For RhoA activity, a fusion protein of glutathione S-transferase (GST) with the RhoA binding domain of Rhotekin was used (GST-RBD). For Rac1 activity, a GST fusion protein with the binding domain of PAK was used (GST-PBD). Briefly, both fusion proteins expressed in BL21 were purified with glutathione Sepharose beads (GE Healthcare). Cell lysates were prepared with RhoA lysis buffer [50 mmol/L Tris–HCl, pH 7.4, 150 mmol/L NaCl, 5 mmol/L MgCl2, 1 mmol/L dithiothreitol, 1 mmol/L phenylmethylsulfonyl fluoride (PMSF), 1% Triton X-100, proteinase inhibitor cocktail] or Rac1 lysis buffer (20 mmol/L HEPESNaOH, pH 7.5, 120 mmol/L NaCl, 10% glycerol, 2 mmol/L EDTA, 0.5% Nonidet P-40, 1 mmol/L PMSF, proteinase inhibitor cocktail], and incubated with GST-RBD or GST-PBD precoupled to glutathione Sepharose beads, at 4°C for 45 minutes; this precipitates the GTP-bound RhoA or Rac1. The precipitant was then boiled in Laemmli sample buffer, and the eluted product was separated on a 12% SDS-PAGE gel. Immunoblotting was used to detect the protein level of total and GTP-bound RhoA or Rac1.
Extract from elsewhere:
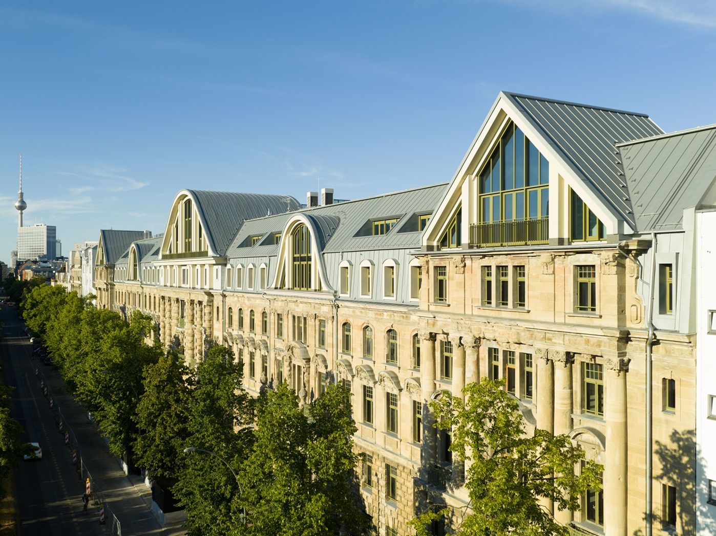Den Höhepunkt der Dachgestaltung bilden die neu interpretierten Giebel über den historischen Risaliten, die an den beiden Außenseiten als Dachspitzen und an den drei dazwischenliegenden Giebeln als markant gewölbte, kuppelähnliche Konstruktion ausgeführt sind. Unter diesen Rundungen entstanden beeindruckende Veranstaltungssäle mit bis zu 8 m hohen Glasfassaden und einem atemberaubenden Ausblick über die Dächer Berlins.

The transwell migration assay was performed using 6.5-mm-diameter polycarbonate filters (8-μm pore size). Cells (4 × 104) suspended in 100 μl of DMEM containing 0.5% FBS, were seeded in the top chambers. The bottom chambers were filled with 500 μl of DMEM containing 10% FBS. Cells were allowed to migrate for 12 hours. The unmigrated cells were removed with cotton swabs. Migrated cells were fixed with cold 4% paraformaldehyde and stained with 1% crystal violet. Images were taken using an inverted microscope (10X magnification; Olympus, Tokyo, Japan), and migrated cells were quantified by manual counting.
A549 cells (2 × 106) were mixed with matrigel and subcutaneously (s.c.) injected into nude mice (n = 6 for each group) under aseptic conditions. Tumors were measured in 2 dimensions, and volume was calculated according to the formula: V = 0.5 (length × width2). The tumor was monitored and evaluated every week. After 7 weeks, the tumor and lung were excised and evaluated. The total number of tumor foci was determined by five serial sections at 400 mm intervals.
Data were analyzed using the SPSS (version 20.0; IBM Corporation, Armonk, NY, USA) software program. Results are expressed as means ± S.D. and are representative of at least three separate experiments. The two-sample t-test was used to determine statistical differences in the means of two columns. P value less than 0.05 (P < 0.05) was regarded as statistically significant.